この創作はくまさんとのコラボ作品になります。前編を僕が書いて、後編をくまさんが書いております。記事の最後に後編へのリンクが貼ってありますので、まずはこちらの前編から読んでいただけると幸いです。

🐈🐈🐈


「なんなんだ、ここは……?」
 震えた声が、俺の乾いた喉から、零れ落ちた。

 俺は自分が若くはないことを自覚している。最近では、体の節々に痛みが走る。目もかすむようになってきた。だが、ボケるにはまだ早すぎる。頭の方は至って正常なはずだ。
 そんな俺の頭が叫んでいる。「ここは現世ではない」と——。

***

伊邪岐いざき先生。

今作の世界観は【ホラー】でお願いします。比良坂ひらさか先生は和風ホラーが好みのようです。その方向で一度考えてもらっていいですか。まずは大まかなあらすじと登場人物設定を送ってください。

コミックブーム編集部 天手あまて

 1週間前に担当編集者から送られてきたメールを、俺はもう何度か見直していた。このかん、和風ホラーの物語を書いては消して、また書いては消してを繰り返していたが、結局一文字も書けていなかった。ネームの締め切りまで、あと1週間を切っていた。
「クソが。たまにはてめえで考えろよ」
 そんな悪態をついても状況は何も変わらない。漫画家になれなかった俺が、生きていくためにはやるしかなかった。俺が考えるしかないのだ。

 昔は、俺も漫画家だった。
 俺は美大を卒業して、ある有名漫画家のアシスタントとなった。その5年後に少年誌の漫画コンテストで佳作を受賞し、デビューが決まった。漫画界では期待の新星としてもてはやされて、順風満帆だった。だが俺のピークはそこまでだった。
 文学寄りの俺の漫画は少年誌の読者には全くうけず、早々と3ヶ月で打ち切りになった。その後、何本か読み切りを書いたが、人気が出ることはなかった。漫画家のアシスタントを転々とした後、結局今はWEB漫画家をやっている。いや、漫画家とは名ばかりか。ただ原作のプロットを編集部に送るだけ。いわゆる「原作協力者」として飯を食っている漫画家崩れが俺だった。
 担当編集者は俺に気を使って今でも「先生」と呼んでくれるが、俺が連載をしていたのはもう20年以上前で、そんな俺を「先生」と呼ぶのはもはや嫌味でしかなかった。

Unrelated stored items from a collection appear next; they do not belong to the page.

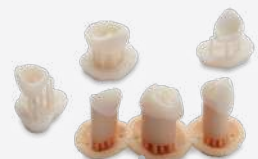
18 min Over 100 crowns

Dentistry made easier through innovative solutions.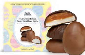
Marshmallow & Scotchmallow® Eggs One box, four yummy eggs. 3.4 oz $9.50 #503321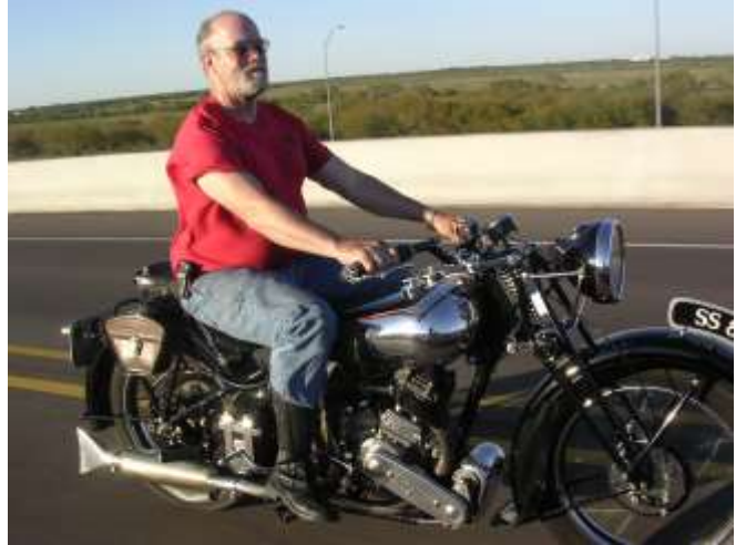
Ride like Royalty - "Bringing It!"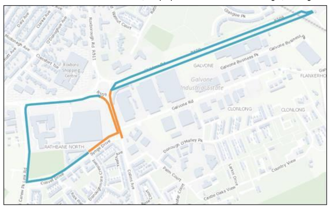
Figure 2.1: Site Location showing planning requirements - Part 8 for the section of the project requiring private ownership lands (orange) and Section 38 elsewhere (blue)

The proposed active travel scheme will be situated along existing roads and existing green areas along Childers Road, John Carew Park Link Road, the R511, and Roxboro Roundabout. The scheme will also run through parts of Limerick Enterprise Development Park and along the northern side of Galvone Industrial Estate. In total, the proposed link will be 650m in length, see Figure 2.1.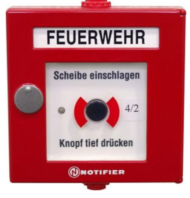
Pic. 4.1: fire alarm button

not only raises an alarm (siren) in the house, but also alerts the fire brigade directly and immediately. Every resident is required to memorize the location of the nearest fire alarm button and to activate it when a fire is detected.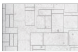
natural stone paving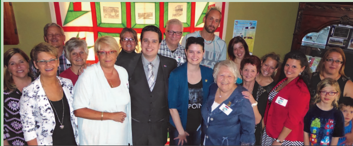
100 th Anniversary, Sainte-Anne-du-Lac, 2016 Community Anniversaries Program

The Government of Canada supports local cultural events and initiatives. The federal government is a partner in the renovation of Théâtre Le Patriote in Sainte-Agathe and the relocation of the Centre d'exposition de Mont-Laurier. Canadian Heritage supports the Festival des Arts de Saint-Sauveur; the Grande Traite des gosseux, conteux et patenteux in Nominique; Festi-Jazz Mont-Tremblant; the MRC des Laurentides's multicultural day; Festival 1001 Visages de la caricature in Val-David; and Canada Day celebrations (La Macaza, Arundel and Mont-Tremblant). Canadian Heritage has supported the programming at Théâtre du Marais in Val-Morin and Espace Théâtre Muni-Spec in Mont-Laurier, and it administers a community anniversaries program, which supports festivities to mark municipal anniversaries.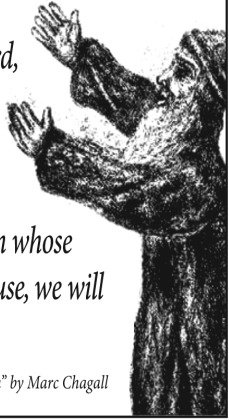
Detail of "The Exhortation of Joshua" by Marc Chagall

And if it seems evil to you to serve the Lord, choose for yourselves this day whom you will serve, whether the gods which your fathers served that were on the other side of the River, or the gods of the Amorites, in whose land you dwell. But as for me and my house, we will serve the Lord. JOSHUA 24:15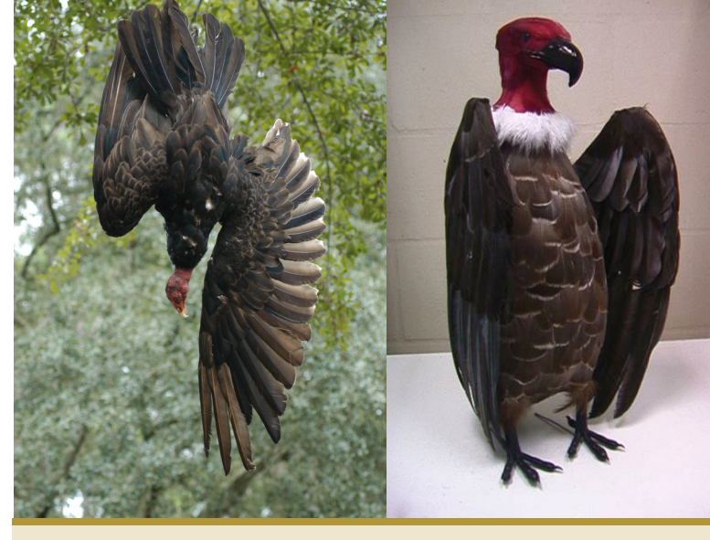
Taxidermic (left) and artificial vulture effigies are used to disperse vultures from their roosts.

Research conducted by NWRC scientists has demonstrated that proper installation of a vulture effigy almost always causes abandonment of the roost within 3 to 5 days. The effigy is either a taxidermic mount of a vulture or a commercially available artificial likeness.

 窓の外は雨が降り続いていた。都内のアパートは湿気でカビ臭く、俺の気分をさらに沈ませる。机の上には散らかったスケッチブックと山盛りの灰皿。飲みかけの缶コーヒーが部屋中に散乱していた。
 アイデアは全く浮かばない。和風ホラー……幽霊、妖怪、呪い。そんな陳腐なものをどう捻れば面白くなるのか。

「……実家に行ってみるか」
 美大に入学すると同時に俺は故郷を出た。実家を離れてからもう三十年が経とうとしている。両親は既に他界しているが、それでも俺はまだ、そのままのかたちで実家を残していた。田舎の古い家屋、誰も住んでいない実家を俺は手放せなかった。
 昔からアイデアに煮詰まると、俺は決まって実家に帰りたくなるのだ。実家に行くと気持ちが落ち着くのか、不思議と物語の構想が頭の中に降りてくることがあった。今回もいい案が浮かばない俺は、誰もいなくなった古い家に戻ることにした。

 故郷は山間の小さな村。電車を降りてバスに乗り換え、細い道を歩いてようやく辿り着く。周囲は竹林に囲まれ、夜になると風が竹を叩く音が不気味に響く。ポツポツと民家が建ち並ぶが、ほとんどの家には住人はおらず、廃屋となっていた。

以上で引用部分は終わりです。